Member of the New Jersey Senate from the 35th district
- In office January 8, 1974 – January 10, 1978
- Preceded by: Joseph A. Lazzara (14th district)
- Succeeded by: Frank X. Graves Jr.

Sheriff of Passaic County
- In office 1961–1974

Personal details
- Born: March 19, 1912 Paterson, New Jersey
- Died: January 5, 1995 (aged 82)
- Party: Republican

= Frank Davenport =

American politician

Frank Davenport (March 19, 1912 – January 5, 1995) was an American Republican Party politician who served as the Sheriff of Passaic County, New Jersey and served one term in the New Jersey Senate.

Davenport was born in Paterson in 1912 and attended St. Joseph's High School there. In World War II, he was an Army intelligence special agent. He began his law enforcement career as Undersheriff of Passaic County.
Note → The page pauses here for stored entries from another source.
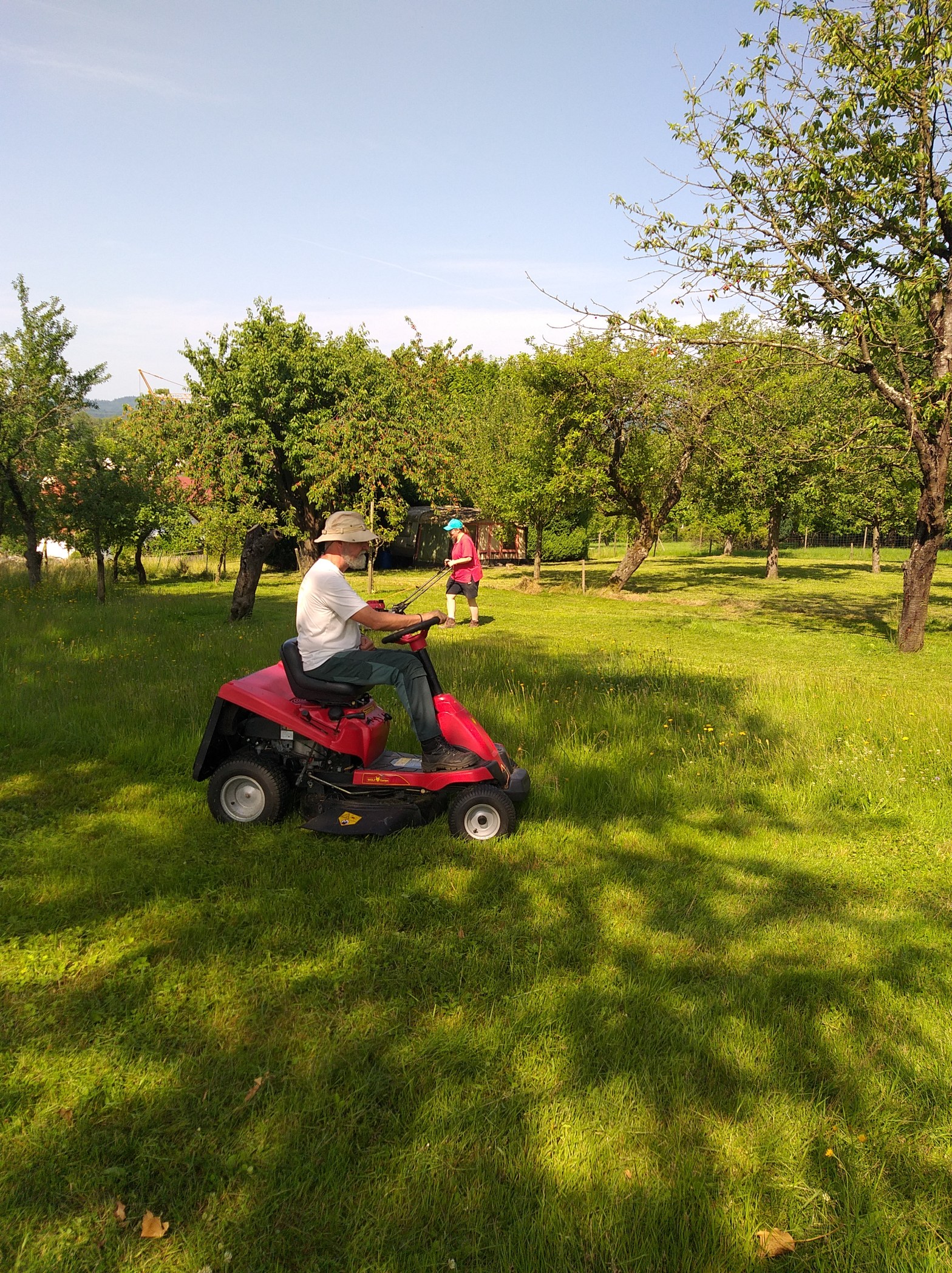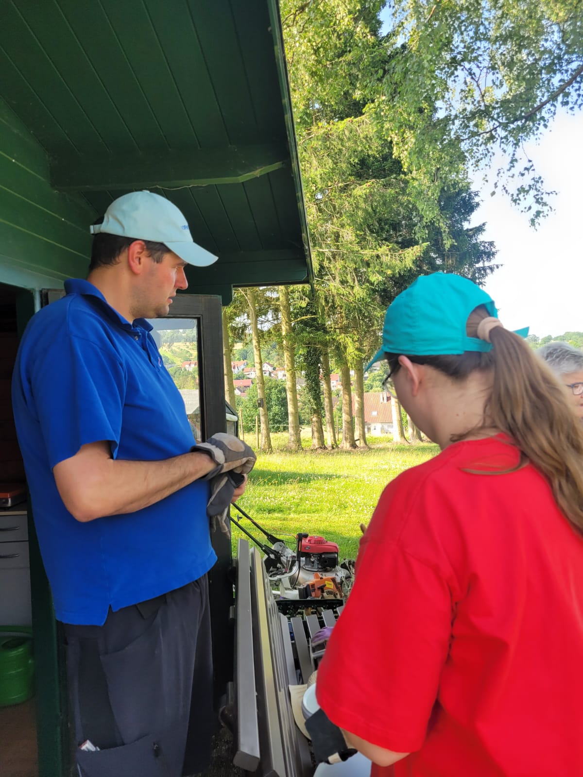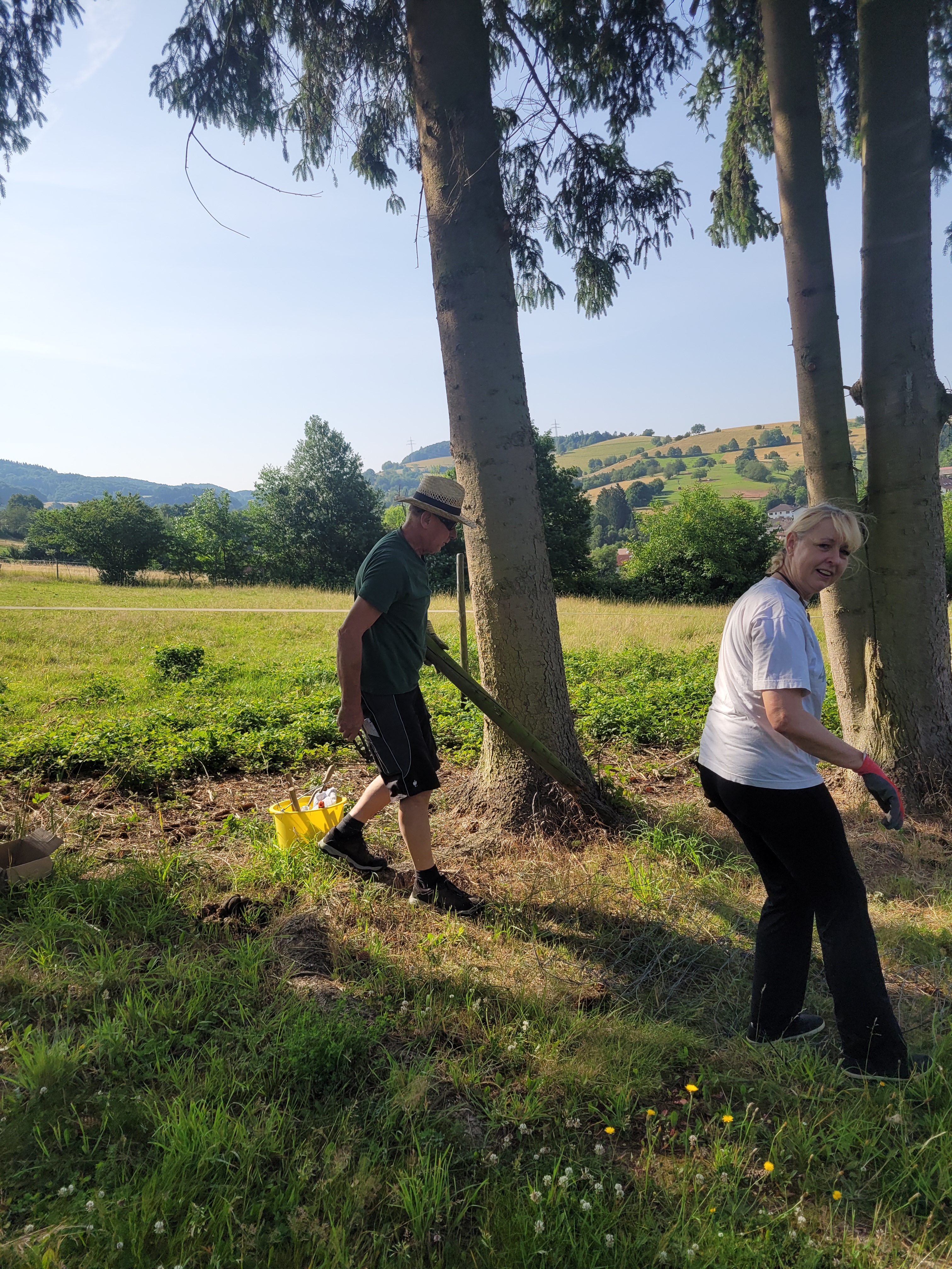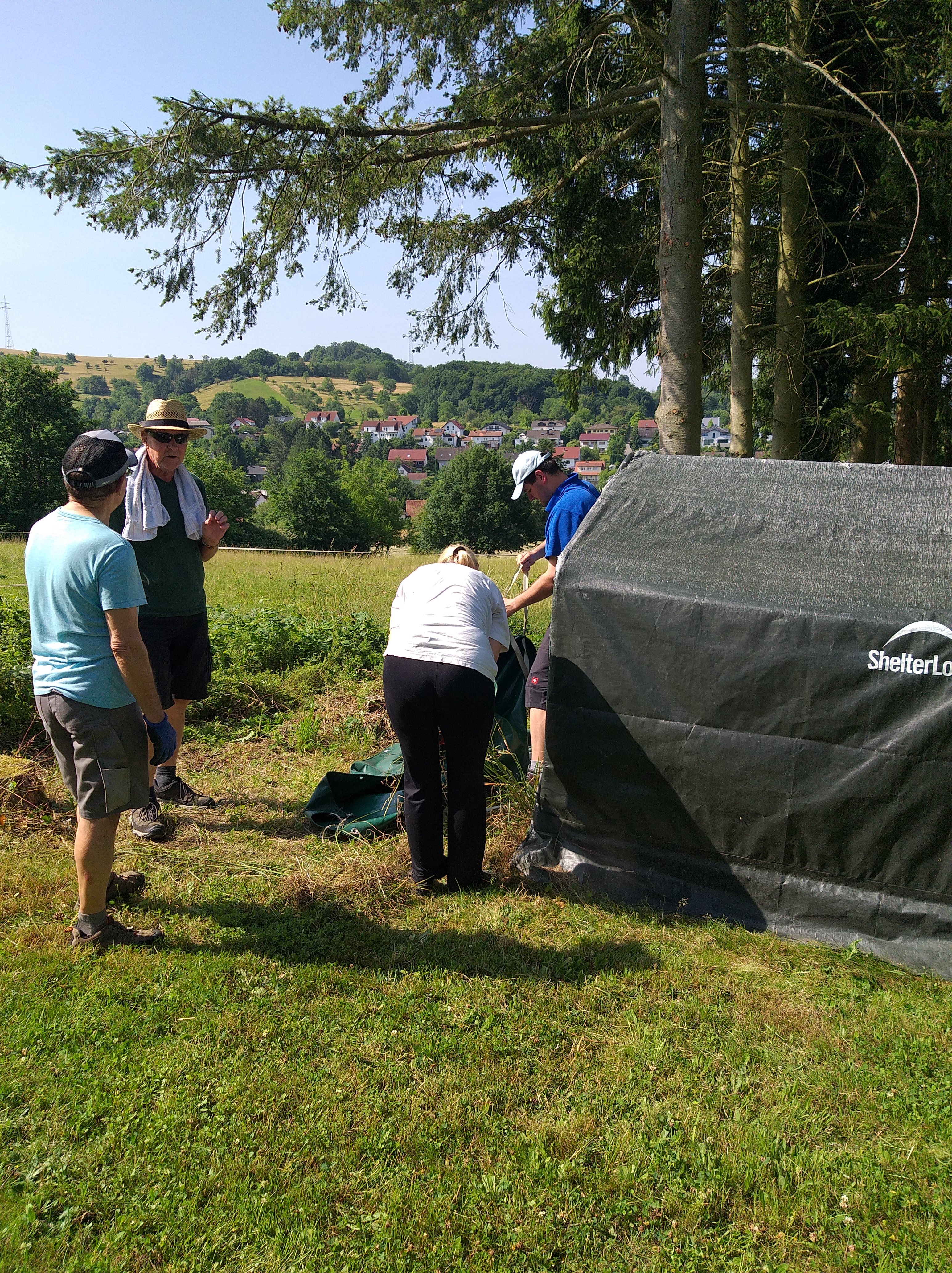 Den wärmsten Tag im Juni nahmen wir unbewusst zum Anlass wiedereinmal Ordnung auf unserem Vereinsgelände zu schaffen. 12 Vereinsmitglieder haben die morgentliche Kühle genutzt und den alten Zaun entfert, Gartenhütte und Vorplatz neu gestaltet und die abgeblühte Wiese gemäht. Da allen die Arbeit gut von der Hand lief konnten wir uns schon um 11:oo anstatt der geplanten 12:oo Uhr zum gemütlichen Teil begeben. Inge und Roland Klein haben aus gegebenem Anlass für das leibliche Wohl gesorgt und die Truppe mit Rinds- und Fleischwürstchen, Käsebrötchen und kühlen Getränken versorgt. – Den Beiden sei herzlich gedankt. – Beim nächsten Einsatz soll nun der neue Zaun installiert werden. – Bleibt zu hoffen, dass sich wieder so viele Helfer einfinden, nach dem Motto: „Viele Hände schaffen bald ein Ende“.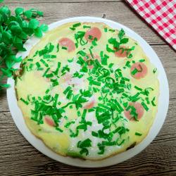 13. Pour in 7 egg liquid and pour evenly! Sprinkle garlic leaves, cover the pot and fry over medium-low heat.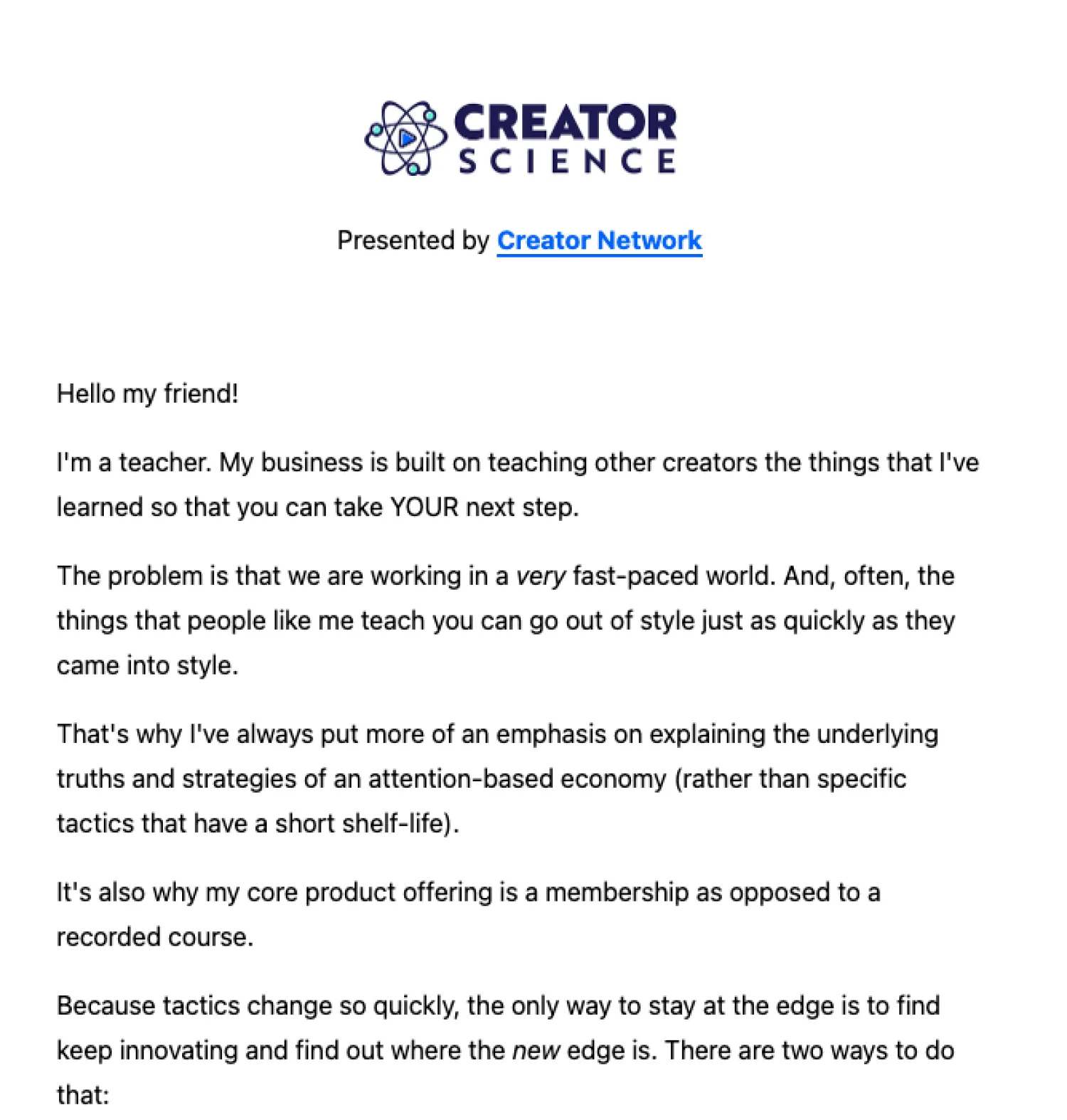 In the example from Jay Clouse’s Creator Science below, the message starts with the blog’s logo. Adding a header image is a simple way to add personality to your newsletter design. Just make sure to add alt text to preserve deliverability.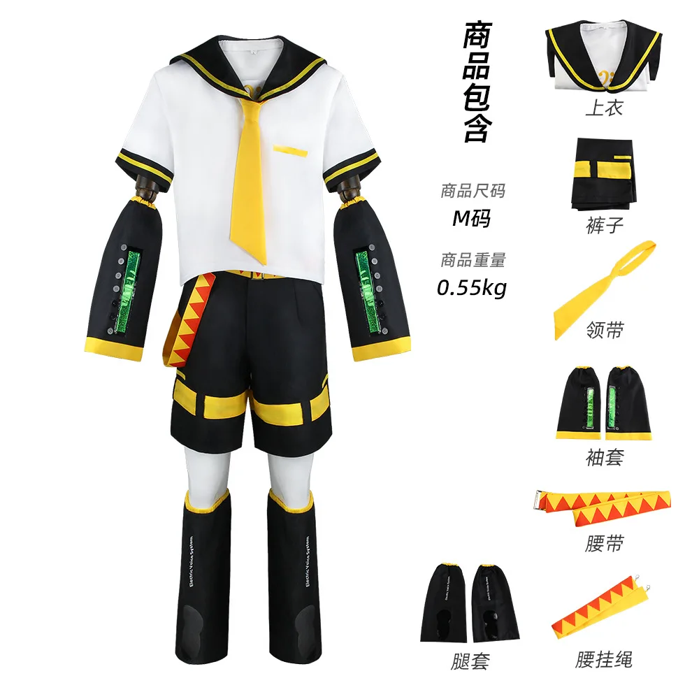 Japanese anime Rin Len Halloween Uniform Kagamine Len + Rin Cosplay Complete Costumes sets Tops+Shorts women men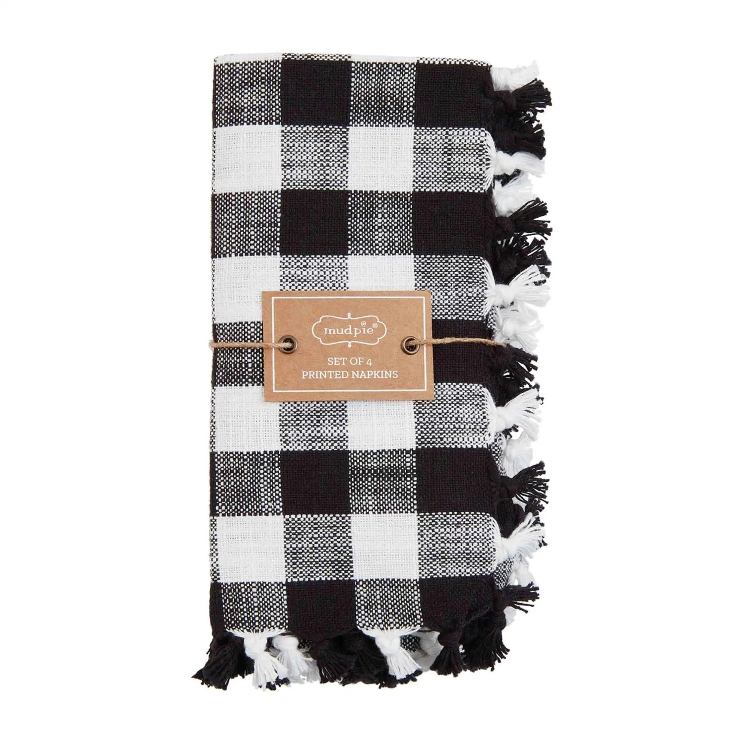 This Black Gingham Napkin Set is a classic and cohesive decorative set for your dining table. The set comes with four cotton dinner napkins. The napkins each feature a fringe tassel trim. This is a great every day set!

In 1960, he became the elected Sheriff of Passaic County, a position his father once held. He was reelected Sheriff in 1963, 1966, 1969, and 1972 though he resigned his Sheriff office upon becoming a State Senator and by 1977 was an Undersheriff again. He had also served as the chair of the Passaic County Republican Party from 1968 to 1974 and attended the 1968 and 1972 Republican National Convention as a district delegate.

In his bid for the State Senate in 1973, he ran in the newly created, Paterson-based 35th district. Despite the heavy Democratic leanings of the urban district, the popularity of the Democrats in the post-Watergate election season, and the incumbency of State Senator Joseph A. Lazzara, Davenport won the election by 93 votes out of 33,745 votes cast. Davenport's margins were much higher in the suburban communities of the district (Hawthorne, North Haledon, and Prospect Park) than the ones Lazzara ran in Paterson. He decided to retire from the Senate after one full term and was succeeded by Frank X. Graves Jr.

He died on January 5, 1995, at the age of 82.